WHAT TO DO
Could you copy exactly the lines below from the one with "Find nogle redskaber, du kan bruge." to the one with "E 7 系 7 号車の車いす対応座席付近の 非常通話装置", inclusive, leaving out any pictures?

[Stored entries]
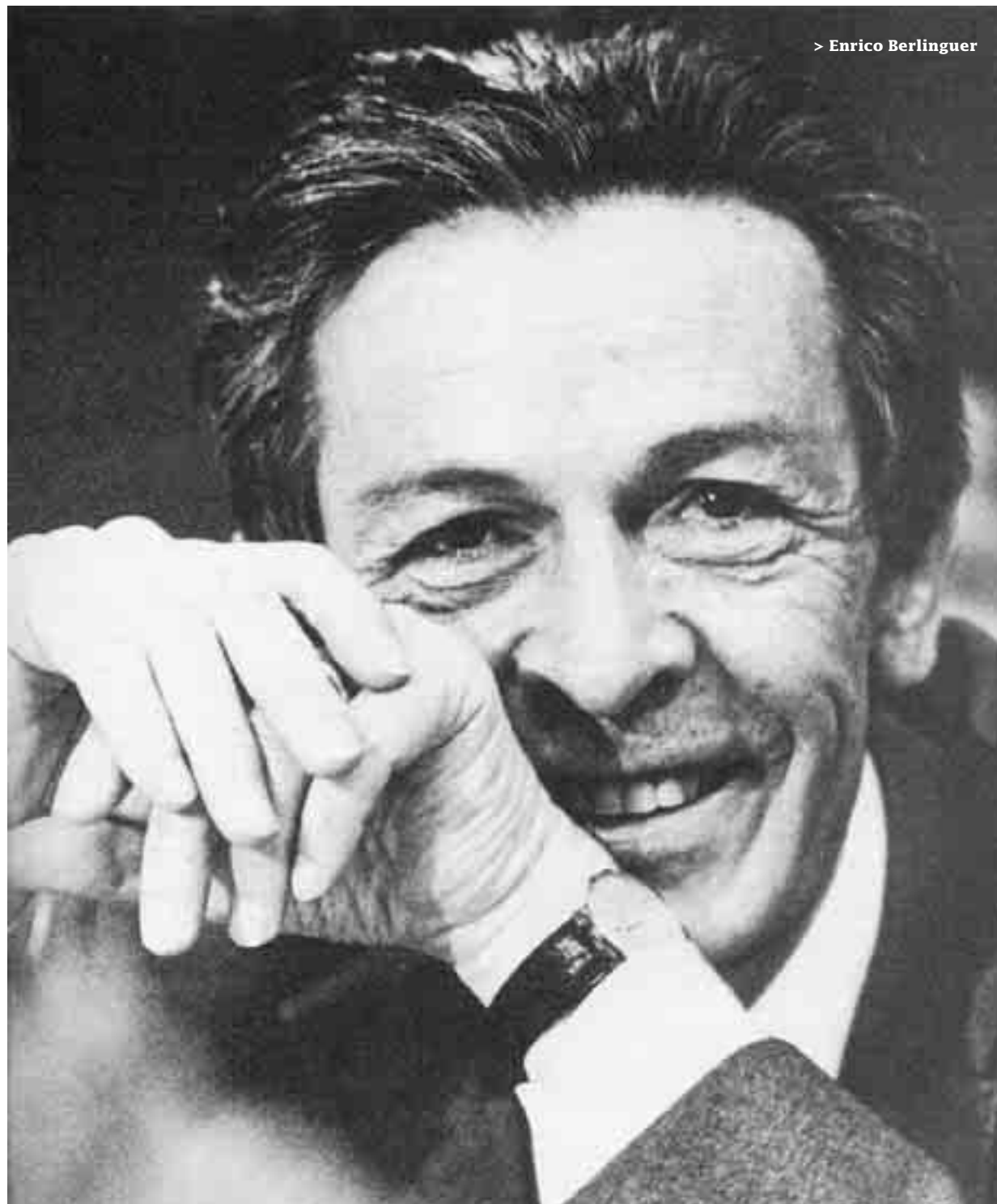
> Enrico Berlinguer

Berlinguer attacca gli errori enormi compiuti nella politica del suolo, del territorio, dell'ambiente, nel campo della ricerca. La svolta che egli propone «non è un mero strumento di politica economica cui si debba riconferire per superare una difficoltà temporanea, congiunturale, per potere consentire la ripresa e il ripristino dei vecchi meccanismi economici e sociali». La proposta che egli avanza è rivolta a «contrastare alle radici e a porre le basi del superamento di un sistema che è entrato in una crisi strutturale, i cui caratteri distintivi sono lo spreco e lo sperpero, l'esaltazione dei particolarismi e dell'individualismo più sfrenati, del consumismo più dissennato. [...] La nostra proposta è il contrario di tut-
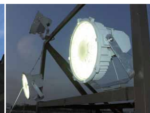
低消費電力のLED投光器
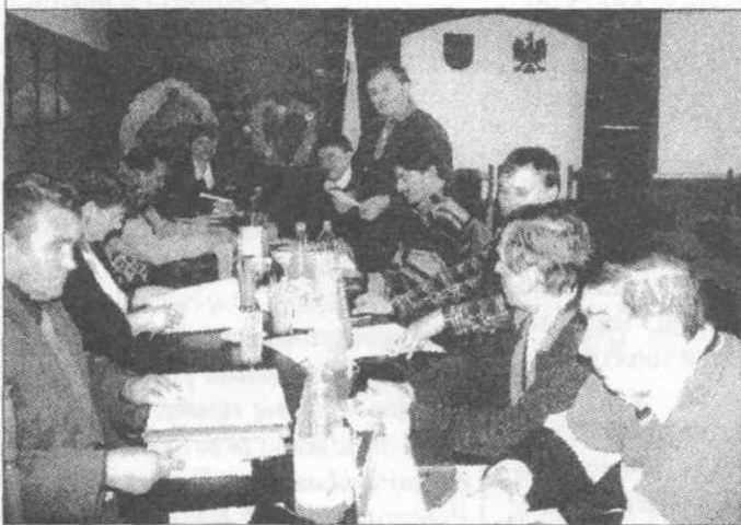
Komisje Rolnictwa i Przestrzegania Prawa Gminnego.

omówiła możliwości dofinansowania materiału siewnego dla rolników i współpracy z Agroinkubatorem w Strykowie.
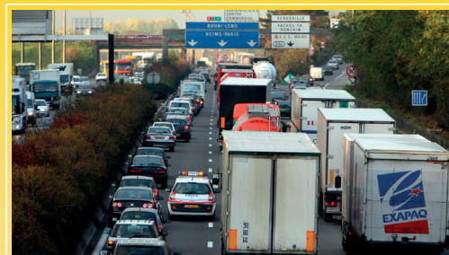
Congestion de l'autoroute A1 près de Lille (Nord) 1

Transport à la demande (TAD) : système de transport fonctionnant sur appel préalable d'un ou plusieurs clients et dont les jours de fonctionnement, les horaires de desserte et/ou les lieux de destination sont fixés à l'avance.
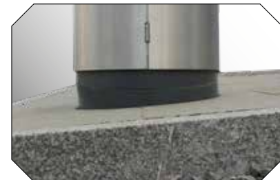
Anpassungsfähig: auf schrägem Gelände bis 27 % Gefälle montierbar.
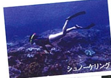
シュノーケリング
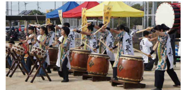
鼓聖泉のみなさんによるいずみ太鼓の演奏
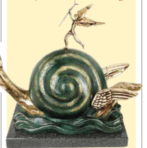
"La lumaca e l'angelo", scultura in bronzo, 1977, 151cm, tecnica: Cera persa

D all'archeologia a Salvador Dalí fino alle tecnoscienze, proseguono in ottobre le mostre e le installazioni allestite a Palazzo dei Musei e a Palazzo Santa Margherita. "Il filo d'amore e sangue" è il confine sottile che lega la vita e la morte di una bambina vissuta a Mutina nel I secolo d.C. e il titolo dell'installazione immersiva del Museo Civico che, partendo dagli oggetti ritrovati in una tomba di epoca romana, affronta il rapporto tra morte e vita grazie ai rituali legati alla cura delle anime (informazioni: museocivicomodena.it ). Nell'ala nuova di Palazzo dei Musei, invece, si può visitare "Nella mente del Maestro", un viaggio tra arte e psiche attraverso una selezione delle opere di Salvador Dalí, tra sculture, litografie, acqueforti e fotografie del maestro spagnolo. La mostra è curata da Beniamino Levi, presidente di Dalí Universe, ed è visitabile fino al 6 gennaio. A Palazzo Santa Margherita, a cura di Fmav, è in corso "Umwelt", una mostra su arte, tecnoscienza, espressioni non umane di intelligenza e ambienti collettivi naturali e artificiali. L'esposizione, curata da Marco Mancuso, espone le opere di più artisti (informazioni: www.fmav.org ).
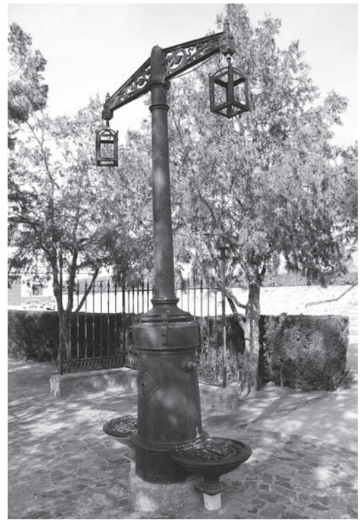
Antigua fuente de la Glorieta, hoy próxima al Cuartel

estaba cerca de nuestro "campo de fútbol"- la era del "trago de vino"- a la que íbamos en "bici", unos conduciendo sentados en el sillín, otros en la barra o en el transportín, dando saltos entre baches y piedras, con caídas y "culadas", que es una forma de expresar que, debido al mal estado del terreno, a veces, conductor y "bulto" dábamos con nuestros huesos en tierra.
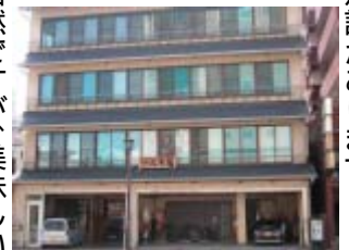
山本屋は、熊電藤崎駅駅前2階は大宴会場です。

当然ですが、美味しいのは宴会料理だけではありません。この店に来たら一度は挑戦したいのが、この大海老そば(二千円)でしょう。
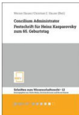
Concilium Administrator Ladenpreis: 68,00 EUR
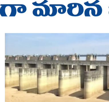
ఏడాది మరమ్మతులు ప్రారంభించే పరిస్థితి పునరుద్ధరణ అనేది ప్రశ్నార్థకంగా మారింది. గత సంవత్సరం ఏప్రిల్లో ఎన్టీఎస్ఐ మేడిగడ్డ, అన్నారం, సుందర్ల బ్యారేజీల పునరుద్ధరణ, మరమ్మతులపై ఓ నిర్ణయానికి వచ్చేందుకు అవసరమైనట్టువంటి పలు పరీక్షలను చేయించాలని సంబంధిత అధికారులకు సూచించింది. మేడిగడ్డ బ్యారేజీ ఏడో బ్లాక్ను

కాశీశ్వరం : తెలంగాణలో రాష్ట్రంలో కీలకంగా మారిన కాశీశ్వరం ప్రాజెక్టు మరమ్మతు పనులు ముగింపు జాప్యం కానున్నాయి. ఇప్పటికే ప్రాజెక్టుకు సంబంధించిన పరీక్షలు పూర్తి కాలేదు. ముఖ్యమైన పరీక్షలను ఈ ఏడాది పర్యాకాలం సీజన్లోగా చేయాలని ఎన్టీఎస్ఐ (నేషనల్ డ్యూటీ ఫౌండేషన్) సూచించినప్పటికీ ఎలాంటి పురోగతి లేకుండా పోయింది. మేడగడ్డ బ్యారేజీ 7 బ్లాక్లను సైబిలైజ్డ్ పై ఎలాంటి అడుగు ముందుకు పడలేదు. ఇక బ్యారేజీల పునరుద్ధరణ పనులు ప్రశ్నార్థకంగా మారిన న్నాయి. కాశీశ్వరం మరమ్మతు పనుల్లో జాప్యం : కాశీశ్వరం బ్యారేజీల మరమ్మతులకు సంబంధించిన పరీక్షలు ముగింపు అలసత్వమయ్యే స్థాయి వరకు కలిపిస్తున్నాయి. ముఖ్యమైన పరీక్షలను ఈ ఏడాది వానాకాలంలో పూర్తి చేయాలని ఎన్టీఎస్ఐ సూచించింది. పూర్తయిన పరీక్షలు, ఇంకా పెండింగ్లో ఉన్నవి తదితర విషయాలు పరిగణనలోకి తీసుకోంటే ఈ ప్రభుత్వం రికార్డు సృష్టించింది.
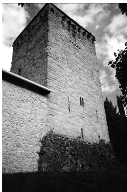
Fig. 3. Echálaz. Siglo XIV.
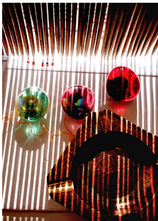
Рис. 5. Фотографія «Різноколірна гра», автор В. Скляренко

...

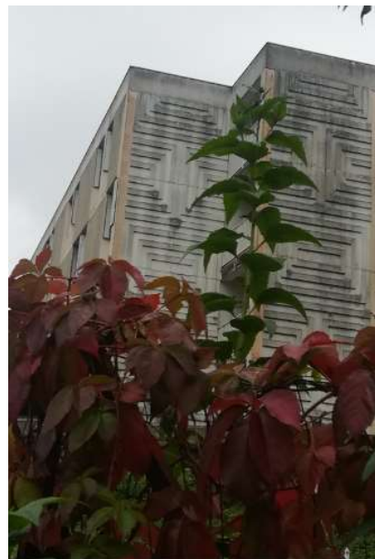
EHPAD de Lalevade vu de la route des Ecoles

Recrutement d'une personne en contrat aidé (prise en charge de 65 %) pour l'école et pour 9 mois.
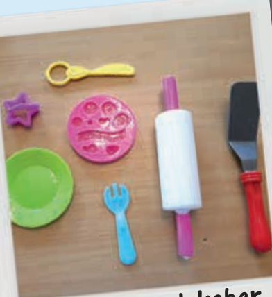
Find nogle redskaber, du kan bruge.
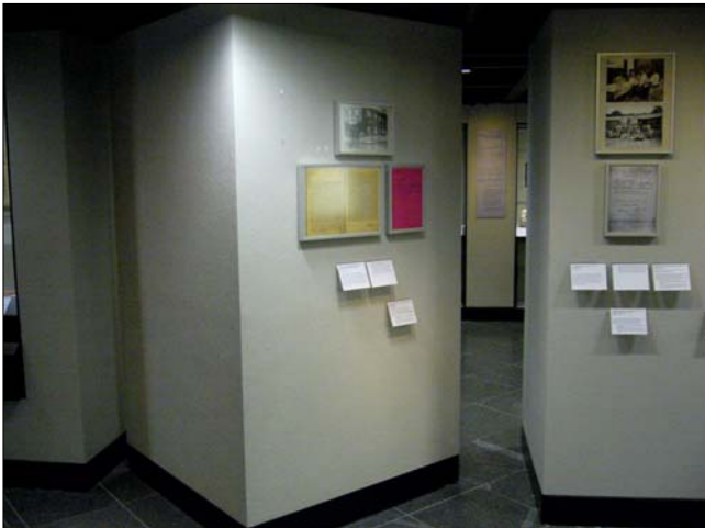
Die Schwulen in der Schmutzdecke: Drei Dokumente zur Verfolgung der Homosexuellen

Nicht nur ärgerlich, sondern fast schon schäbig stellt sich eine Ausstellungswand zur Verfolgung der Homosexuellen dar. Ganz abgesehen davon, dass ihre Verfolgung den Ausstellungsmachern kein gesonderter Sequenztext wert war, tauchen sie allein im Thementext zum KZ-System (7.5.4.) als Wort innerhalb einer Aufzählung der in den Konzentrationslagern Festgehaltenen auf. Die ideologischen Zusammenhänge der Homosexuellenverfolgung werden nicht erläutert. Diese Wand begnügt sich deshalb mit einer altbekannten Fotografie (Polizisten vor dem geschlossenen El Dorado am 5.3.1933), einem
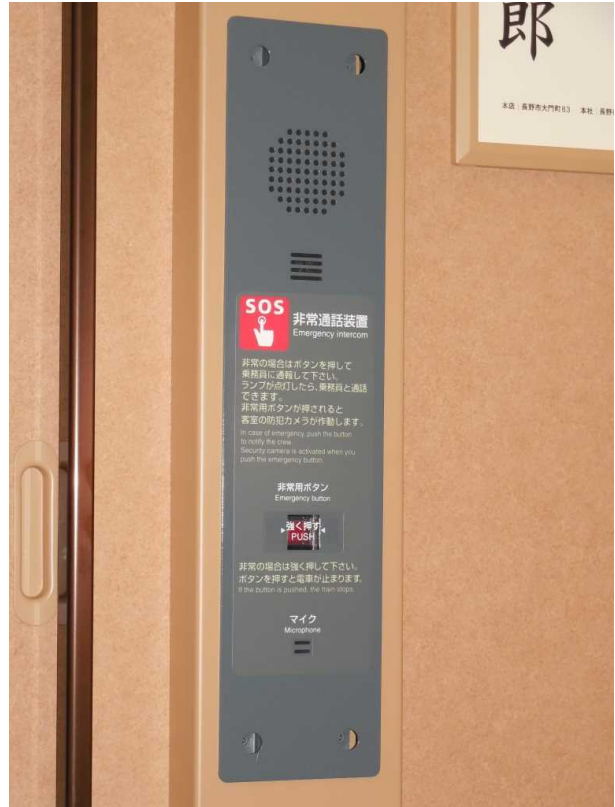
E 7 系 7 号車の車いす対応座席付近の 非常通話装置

SOLUTION TO THE EXERCISE
Find nogle redskaber, du kan bruge.
Die Schwulen in der Schmutzdecke: Drei Dokumente zur Verfolgung der Homosexuellen

Nicht nur ärgerlich, sondern fast schon schäbig stellt sich eine Ausstellungswand zur Verfolgung der Homosexuellen dar. Ganz abgesehen davon, dass ihre Verfolgung den Ausstellungsmachern kein gesonderter Sequenztext wert war, tauchen sie allein im Thementext zum KZ-System (7.5.4.) als Wort innerhalb einer Aufzählung der in den Konzentrationslagern Festgehaltenen auf. Die ideologischen Zusammenhänge der Homosexuellenverfolgung werden nicht erläutert. Diese Wand begnügt sich deshalb mit einer altbekannten Fotografie (Polizisten vor dem geschlossenen El Dorado am 5.3.1933), einem
E 7 系 7 号車の車いす対応座席付近の 非常通話装置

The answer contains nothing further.